## DATA SEGMENT:
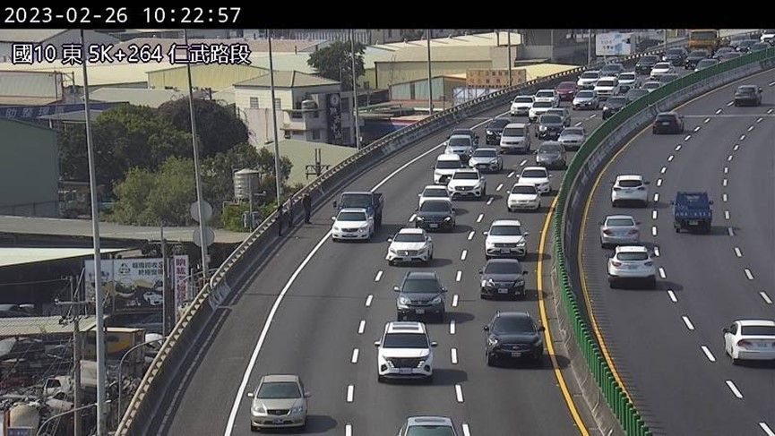 ▲今早國10東向5.1公里處發生小貨車及小客車追撞事故,造成後方車流回堵3公里。(圖/高公局)
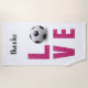 Love Soccer word design com letras faíscas cor-de-rosa quente e o "o" é substituído por uma bola de futebol.
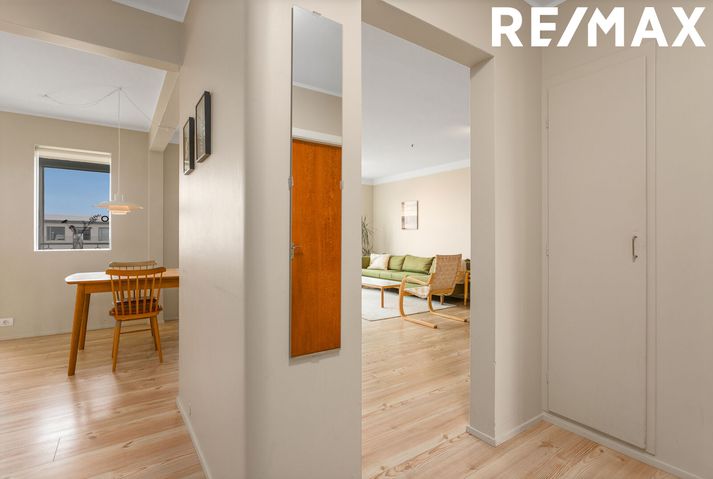 Um er að ræða 88 fermetra íbúð á fjórðu hæð í snyrtilegu fjölbýlishúsi sem var byggt árið 1957. Eignin hefur verið töluvert endurnýjuð á smekklegan máta. Stofa, borðstofa og eldhús er samliggjandi í opnu og rúmgóðu rými með góðum gluggum með fallegu útsýni. Í eldhúsinu er nýleg hvít innrétting með grárri borðplötuog góðu skápaplássi. Þaðan er útgengt á suður svalir. Í íbúðinni eru tvö svefnherbergi og eitt baðherbergi. Nánari upplýsingar um eignina má nálgast á fasteignavef Vísis.
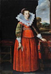 | Keywords: Danckers de Rij Portrait of a lady.jpg Artwork Creator Peeter Danckers de Rij otherdate c 1640 Oil on canvas Institution National Museum Gdańsk accession number object history credit line Probably member of the Węsierski family http //i wp pl/a/f/jpeg/28026/portret_kobiety jpeg i wp pl See below <gallery>Danckers Portret damy jpg</gallery> PD-old-100 DEFAULTSORT 1640c; Portrait of a lady Paintings by Peeter Danckers de Rij in the National Museum in Gdańsk 17th-century portrait paintings of unidentified women 1640s portrait paintings 17th-century oil portraits of standing women at full length 17th-century portrait paintings in Poland Female portraits holding gloves Females with red dresses in art Lace collars in art Portrait paintings of standing women with hands resting on tables Portrait paintings of women holding handkerchiefs Portrait paintings of women with chairs |

## WHAT YOU WILL DO:
Pictures excluded, write out exactly and only the lines of the material from the one containing "Love Soccer word" up to and including the last line.

## WRITTEN REPLY:
 Love Soccer word design com letras faíscas cor-de-rosa quente e o "o" é substituído por uma bola de futebol.
 Um er að ræða 88 fermetra íbúð á fjórðu hæð í snyrtilegu fjölbýlishúsi sem var byggt árið 1957. Eignin hefur verið töluvert endurnýjuð á smekklegan máta. Stofa, borðstofa og eldhús er samliggjandi í opnu og rúmgóðu rými með góðum gluggum með fallegu útsýni. Í eldhúsinu er nýleg hvít innrétting með grárri borðplötuog góðu skápaplássi. Þaðan er útgengt á suður svalir. Í íbúðinni eru tvö svefnherbergi og eitt baðherbergi. Nánari upplýsingar um eignina má nálgast á fasteignavef Vísis.
 | Keywords: Danckers de Rij Portrait of a lady.jpg Artwork Creator Peeter Danckers de Rij otherdate c 1640 Oil on canvas Institution National Museum Gdańsk accession number object history credit line Probably member of the Węsierski family http //i wp pl/a/f/jpeg/28026/portret_kobiety jpeg i wp pl See below <gallery>Danckers Portret damy jpg</gallery> PD-old-100 DEFAULTSORT 1640c; Portrait of a lady Paintings by Peeter Danckers de Rij in the National Museum in Gdańsk 17th-century portrait paintings of unidentified women 1640s portrait paintings 17th-century oil portraits of standing women at full length 17th-century portrait paintings in Poland Female portraits holding gloves Females with red dresses in art Lace collars in art Portrait paintings of standing women with hands resting on tables Portrait paintings of women holding handkerchiefs Portrait paintings of women with chairs |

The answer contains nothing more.